### Requirement
All lines in the records below from the line with "注冊證號:粵械注準(zhǔn" through the line with "Nylon-Insert Flange Locknuts" are to be given again exactly, both ends included; the pictures are to be left out.
───── Dataset records ─────
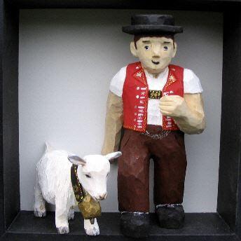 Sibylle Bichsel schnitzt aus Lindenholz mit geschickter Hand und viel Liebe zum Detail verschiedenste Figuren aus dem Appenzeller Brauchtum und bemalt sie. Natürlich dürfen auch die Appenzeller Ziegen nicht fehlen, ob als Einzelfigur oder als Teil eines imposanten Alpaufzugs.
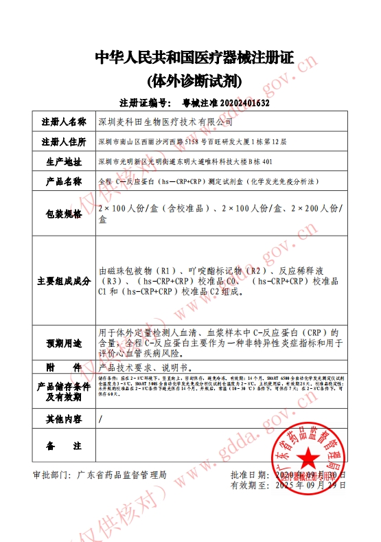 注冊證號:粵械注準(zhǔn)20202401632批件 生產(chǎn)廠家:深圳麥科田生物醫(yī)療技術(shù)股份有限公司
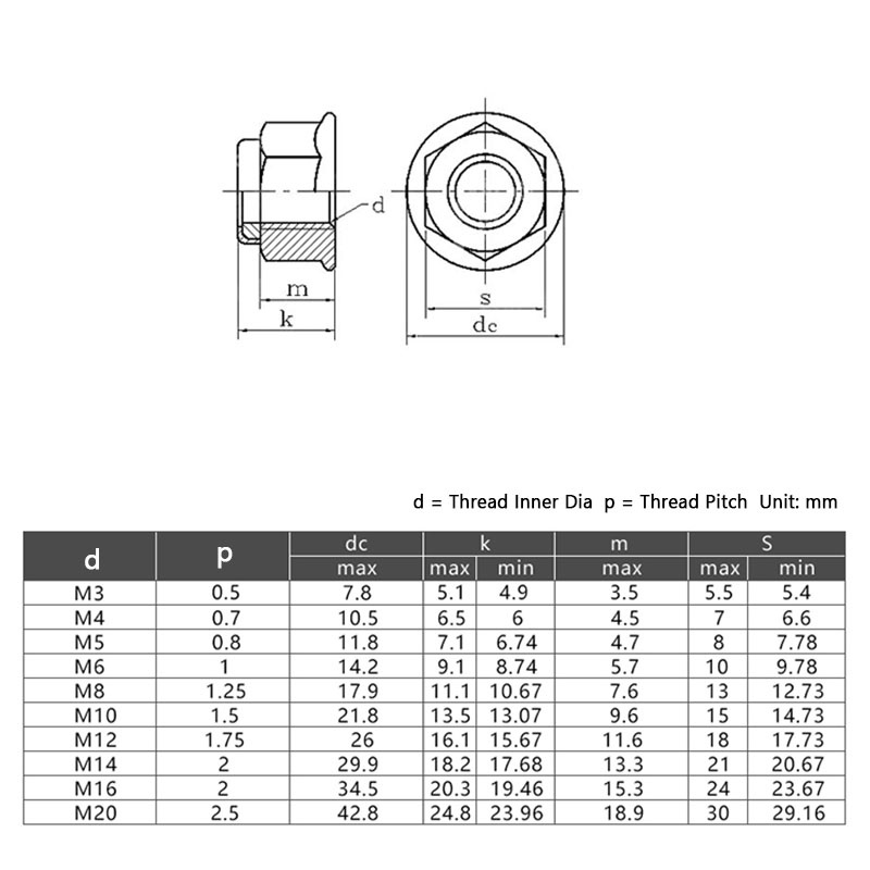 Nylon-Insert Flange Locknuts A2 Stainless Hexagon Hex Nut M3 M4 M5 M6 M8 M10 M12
─────
───── Dataset records ─────
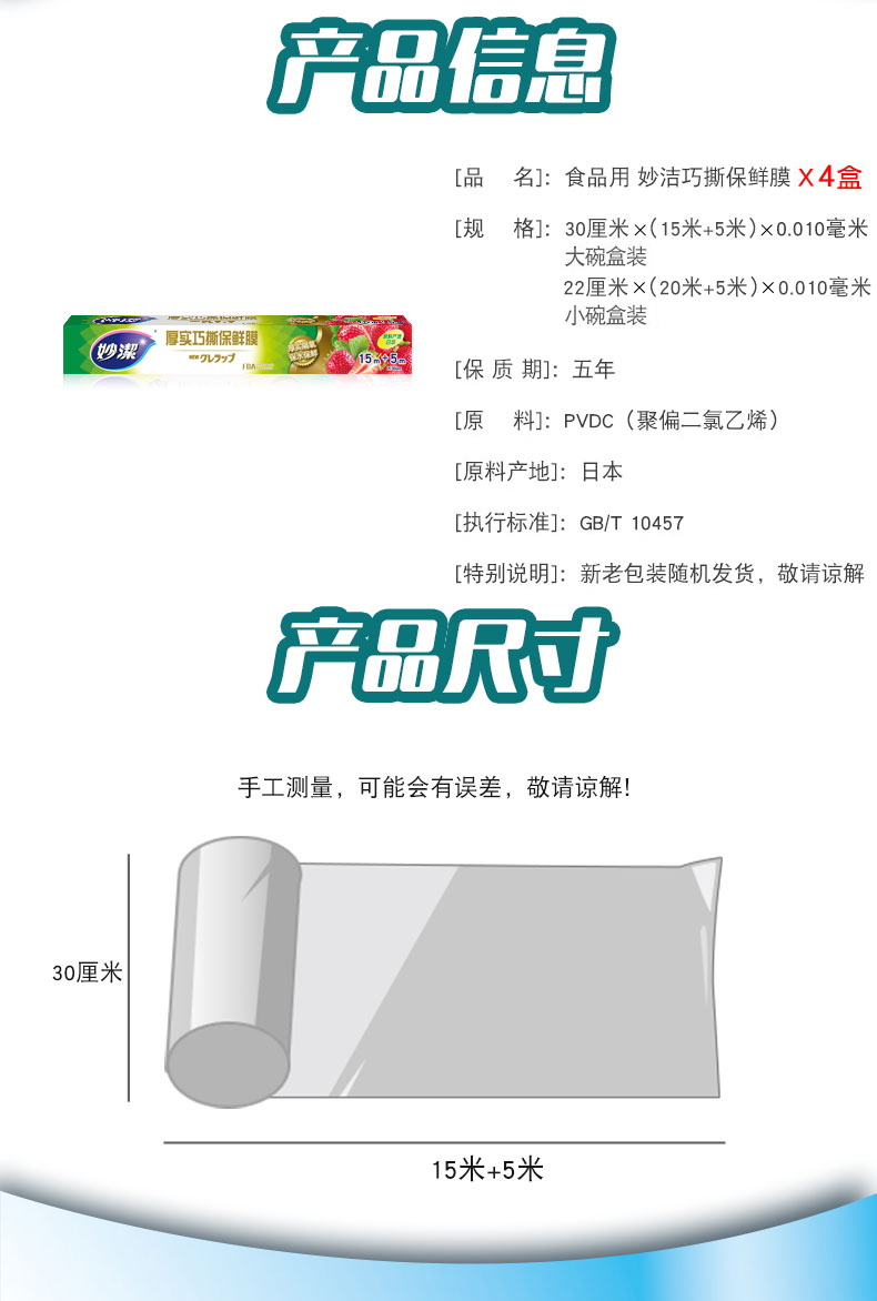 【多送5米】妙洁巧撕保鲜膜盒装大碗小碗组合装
─────
### Task response
 注冊證號:粵械注準(zhǔn)20202401632批件 生產(chǎn)廠家:深圳麥科田生物醫(yī)療技術(shù)股份有限公司
 Nylon-Insert Flange Locknuts A2 Stainless Hexagon Hex Nut M3 M4 M5 M6 M8 M10 M12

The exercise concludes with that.